After this year Blake's style began to change because he was less solitary. He did a long series of fifty plates from designs by Chodowiecki for Elements of Morality by Mary Wollstonecraft, and this brought him continually to Johnson's shop, where he met the authoress and also Dr. Price, Dr. Priestley, Godwin, and Tom Paine. Here

came Fuseli, who met Mary Wollstonecraft for the first time in 1790.

Blake had struggled through his bereavement and his business disappointments alone, and had struggled through them into poetry, into "believing vision" along with his wife, into an increasing love for her, and the beginning of his great myth, of which the first trace is the mention in Thel of the "Eternal Gates' Terrific Porter" who opened the "Northern Bar." We are to know this porter as for many years the laborious spirit inhabiting Blake, who is called Urthona and Los under different aspects, as told in all the later poems.

Blake was now thirsting for a little "jostling in the street," though he admits that "great things" are not done by it. He threw himself with delight into the revolutionary talk that he heard at Johnson's, and, as usual, was not satisfied unless he could outshine every one else. He came amongst them with his Song of Liberty in his hand, and walked out from them into the streets of London with a cap of Liberty on his head. It was a very unsafe thing to do. The mob might have lynched him in the name of order. We do not hear that any other of Johnson's guests defied public opinion in this way.

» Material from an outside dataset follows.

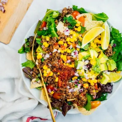 Alla ricerca di idee semplici per una cena senza glutine e senza latticini? Insalata vegana di tacos in soccorso! Questa ricetta geniale ti arriva grazie alla magia di Carne di tacos alle noci : un modo gustoso per preparare una versione vegetale della carne macinata. Si scopre che noci, funghi e spezie svolgono un ottimo lavoro nel simulare la gustosa bontà delle briciole di carne. Completare con salsa e buon divertimento.
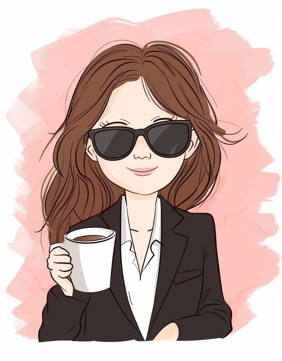 갈색 머리와 분홍색을 입고, 선글라스를 쓰고 커피를 마시는 귀여운 아시아 여성 변호사. 차를 마실 때 과장된 표정을 지니고 있습니다. 단순한 만화 스타일의 그림이며 밝은 색상으로 그려졌습니다. 배경 색상은 연한 빨간색이나 분홍색으로 이 일러스트에 재미를 더합니다. 앞에는 다른 캐릭터가 없고, 퀜틴 블레이크 스타일입니다.

Blake persuaded himself for a while that he was finding friends. Friendship-the half-way house between selfhood (all evil) and eternal brotherhood, the "multiple personality," the ultimate good-was his ideal all through life, yet it was only in his later years that his exuberant character and terrific self-love could be toned down enough to make any friendship safe from resentment and quarrel, dearly as he loved every human being that came near him and said a few kind words to him. He, in fact, was so eager for unity with his fellows that, in spite of his mental contempt for people, he would respond from the heart to the merest civility. He studied Lavater's Aphorisms at this time with the serious intention of educating himself in the art of friendship, as his naïve and shrewd marginal notes show on almost every page.

One touch seems to have roused him particularly. He could not have sat still with quiet pulses when learning that these Aphorisms were composed (by the hundred) during a single autumn while Lavater was moving about from place to place.

Here was a record to pull down! The Proverbs of Hell were probably written as an "out-doing" of this, in some

limited time; perhaps half-an-hour. There is nothing, even in their concentration, that would oblige Blake to pause and meditate. He became stupid when he thought slowly. Consideration was done by him unconsciously, when he did not know that he was thinking at all. Then, in a state of excitement, the result came tearing forth in "human form," -that is, in living utterance of poetic picturesqueness.